The service brake systems were supplied with hydraulic pressure from two engine driven piston (implement) pumps. A third ground drive pump supplied hydraulic pressure for emergency steering. In case of engine failure and loss of hydraulic pressure from the engine driven pumps, accumulators provided hydraulic pressure, through independent circuits, for the tractor and for the trailer service brakes. These accumulators were designed to provide nine successive applications of the service brakes at full brake application pressure.
Caterpillar certified the service and parking brakes' performance to SAE J1473 Oct90 and ISO 3450-1985. This was specified in the Caterpillar sales information for the truck. Under these standards, the service brakes are capable of stopping and holding on at least a 25% grade and the parking brake is capable of holding on a minimum 15% grade. The truck was on an approximate 21% grade at the time of the accident. Caterpillar provided information that the parking brake certification tests found that the parking brake would hold the fully loaded truck up to a 27% grade.
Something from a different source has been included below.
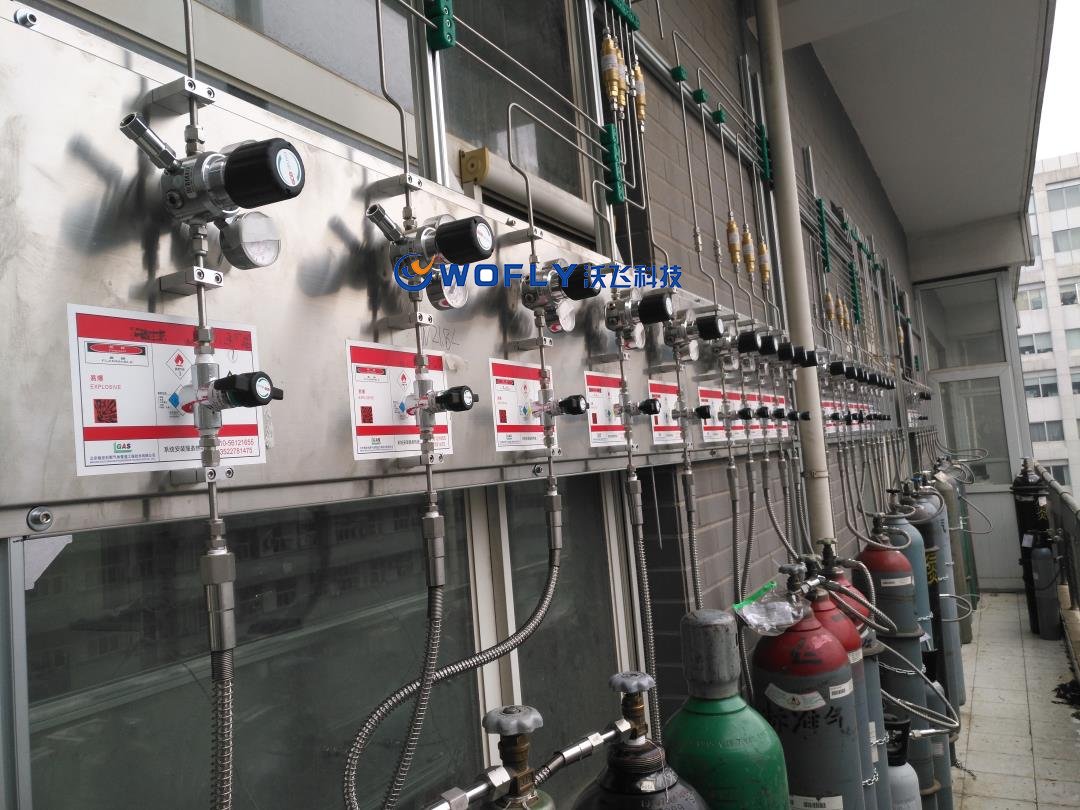 1、氣源部分:氣瓶(氣源)集中安置在特定的氣瓶間,通過一級減壓系統(tǒng)(氣體減壓器或匯流排)裝高壓氣體轉(zhuǎn)化成低壓氣體。

Caterpillar's Operating Techniques specify that the parking brake is to be applied and the transmission placed in neutral prior to dumping. It also advises drivers to avoid dumping on steep slopes. While the grade holding ability of properly functioning service and parking brakes would have been adequate considering the truck was only on a 21% grade, the location of the truck - positioned uphill and close to the top edge of the highwall - make this dump site unacceptably dangerous. During post-accident interviews, mine personnel stated that they refused to dump at sites that sloped toward the edge because of the recognized hazard. Only the two mine managers would operate the truck in these areas.
BRAKE SYSTEM EVALUATION AND TESTS
Due to the damage to the truck, the accident investigation team could only evaluate the function of the brake system by inspecting/testing components. The team evaluated the following components:
- All of the individual brake pads and discs were inspected. All of the discs appeared to be in good condition with no significant rust. All of the brake pads appeared to be in good condition with no sign of oil contamination.
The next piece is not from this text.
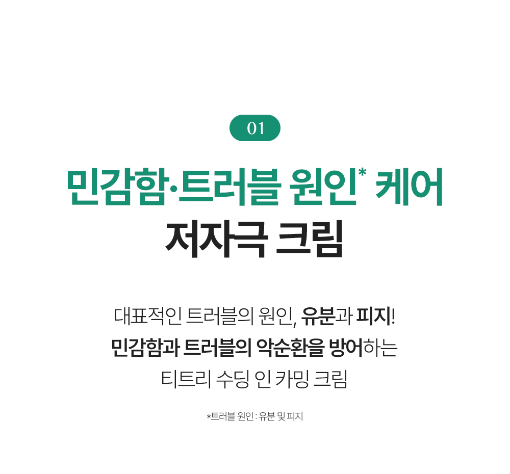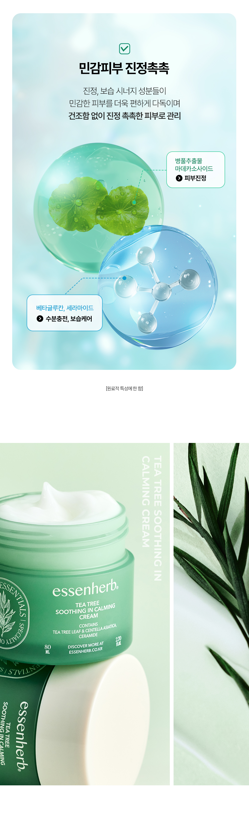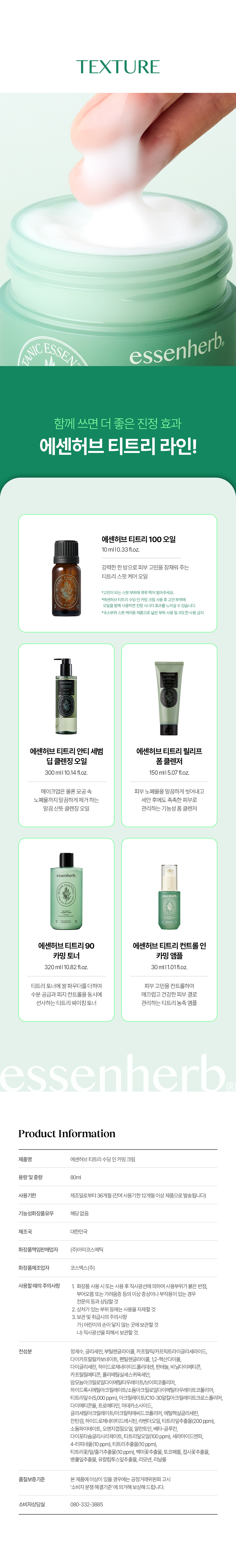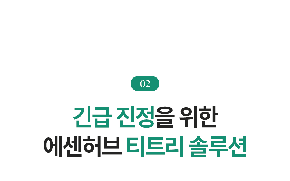 정제수, 글리세린, 부틸렌글라이콜, 카프릴릭/카프릭트라이글리세라이드, 다이카프릴릴카보네이트, 펜틸렌글라이콜, 1,2-헥산다이올, 다이글리세린, 하이드로제네이티드폴리데센, 판테놀, 비닐다이메티콘, 카프릴릴메티콘, 폴리메틸실세스퀴옥세인, 암모늄아크릴로일다이메틸타우레이트/브이피코폴리머, 하이드록시에틸아크릴레이트/소듐아크릴로일다이메틸타우레이트코폴리머, 티트리잎수(5,000 ppm), 아크릴레이트/C10-30알킬아크릴레이트크로스폴리머, 다이메티콘올, 트로메타민, 마데카소사이드, 글리세릴아크릴레이트/아크릴릭애씨드코폴리머, 에틸헥실글리세린, 잔탄검, 하이드로제네이티드레시틴, 라벤더오일, 티트리잎추출물(200 ppm), 소듐파이테이트, 오렌지껍질오일, 알란토인, 베타-글루칸, 다이포타슘글리시리제이트, 티트리잎오일(100 ppm), 세라마이드엔피, 4-터피네올(10 ppm), 티트리추출물(10 ppm), 티트리꽃/잎/줄기추출물(10 ppm), 백미꽃추출물, 토코페롤, 접시꽃추출물, 병풀잎추출물, 유칼립투스잎추출물, 리모넨, 리날룰

- The brake lines to the trailer axles were intact over the length of the trailer and up to a point on the tractor where they were damaged. A hydraulic hand pump was attached to the brake line to the trailer brakes at this location and pressurized. No leaks were observed. Without pressure, all of the rear wheels could be turned by hand. Once the trailer brake system was pressurized, the wheels could no longer be turned by hand. The trailer brake lines and pistons appeared to function properly.
- The brake lines to the front axle were broken at several locations and could not be tested.
- There was a brake low pressure switch connected to the service brake valve. This switch monitored the brake system pressure and was designed to activate visual and audible warnings. These signals alert the driver that a dangerous fault in the service brake system may have developed and that the truck must be immediately stopped and the fault corrected. The brake low pressure switch was tested for proper operation by checking the continuity of the switch. The Caterpillar manual states that the switch is normally closed when the service brake pressure is at least 1670 psi and opens when the brake system pressure falls below 1670 psi. With no pressure to the switch, the contacts were closed. This test revealed that the switch was defective. The correct Caterpillar part, number 7U9037, was present on the switch. Based on information from the Riggs CAT mechanic discussed below, the investigation team concluded that the switch was defective at the time of the accident.
- The investigation team did not conduct performance tests of the parking brake due to damage to the transmission and transfer case where the parking brake was located. The parking brake was disassembled. No damage was observed and the parking brake discs met the CAT dimensions for new discs. The investigation team concluded that no problems existed with the parking brake at the time of the accident.
- The dashboard Electronic Monitoring System display lights were removed from the accident truck and installed in the second D250E truck at the mine. The display light alarm for the brake low pressure warning illuminated with no pressure in the system. This indicated that the light was not defective prior to the accident. The audible warning alarm was inspected. The positive lead to the alarm had been cut. When provided with power the alarm did sound. It did not appear that the wire was cut due to the accident.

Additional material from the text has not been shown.